Frank’s diplomat’s face was harder now. “He’s gotten himself in trouble on abortion. He should think about getting himself out before Mason kills him with it.
“I have a favorite metaphor, Clayton. If all your friends came to you with a red box and told you that you had to hold it for four years and never drop it, because if you dropped it the whole goddamned world would blow up, you and every other normal person we know would hand the box back in a heartbeat.
“But every four years there are ten guys who come forward and say, ‘Give me the fucking box.’ And the guy who wins is the one who’ll kill all the other guys just for the chance to hold it.

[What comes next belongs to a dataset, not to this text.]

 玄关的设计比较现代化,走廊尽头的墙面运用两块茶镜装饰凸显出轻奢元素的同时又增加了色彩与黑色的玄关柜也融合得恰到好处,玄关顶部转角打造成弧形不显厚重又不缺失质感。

“To me, that guy’s still Dick Mason. It’s time for Kerry to stop treating his brother like a forbidden subject.” Frank leaned forward. “I’ll show him the ad. Jack will show him the polling data. We’ll take the heat for it. But you let
Kerry
decide how much he wants the box.”
Clayton stared at him. “All right,” he said. “We’ll do that. Tomorrow. It will absolutely make Kerry Kilcannon’s day.”

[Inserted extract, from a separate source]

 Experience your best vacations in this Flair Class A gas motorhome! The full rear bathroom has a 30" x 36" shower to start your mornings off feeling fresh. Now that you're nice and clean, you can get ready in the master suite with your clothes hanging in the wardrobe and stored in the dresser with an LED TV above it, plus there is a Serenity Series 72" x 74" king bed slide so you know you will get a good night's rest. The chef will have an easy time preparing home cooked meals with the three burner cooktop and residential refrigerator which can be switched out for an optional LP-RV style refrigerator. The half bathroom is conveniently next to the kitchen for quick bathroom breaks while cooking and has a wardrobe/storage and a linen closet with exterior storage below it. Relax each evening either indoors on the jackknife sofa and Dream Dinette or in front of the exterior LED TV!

Frank’s gaze broke, and he looked suddenly weary. “Whether or not we run that ad, there’s the question of whether we go for it—sink our money into California, or not. Which is part of the same question.”
“Maybe not,” Mick Lasker countered. “I know Ellen Penn is calling every other day, saying go for broke. But that’s about
her
reputation; she doesn’t want Kerry to embarrass her by losing in her state, and she doesn’t want to be blamed if he does.
“California isn’t winner-take-all. Kerry could lose a close election here and still pick up almost half our delegates.”
“If Kerry loses,” Jack Sleeper snapped, “it’s over. Haven’t
we been claiming that the party
has
to ditch Dick Mason because only Kerry can win.”
Clayton did not comment. Instead he got up, removed the tape from the television, and turned on CNN.
On the screen, Dick Mason was standing in front of the abortion clinic, speaking in a strong, clear voice.
“In the name of those who died here, I say to the purveyors of terror and violence: No more. Not one more life, not one more woman deprived of her legal rights …”
Clayton turned from the television. “Spend the money,” he said.
Sean Burke stood alone on the corner.
Van Ness Avenue was slick with rain; a moment before, a Muni bus filled with commuters had splashed through a puddle of water and soaked the bottom of Sean’s jeans. Chilled, he gazed at the abandoned auto showroom across the street, papered with signs that read “Kilcannon for President.”
Sean felt disoriented. It was nine in the morning; by this time yesterday he had killed the abortionist and his accomplices, three time zones away. All that seemed real was the woman he had spared.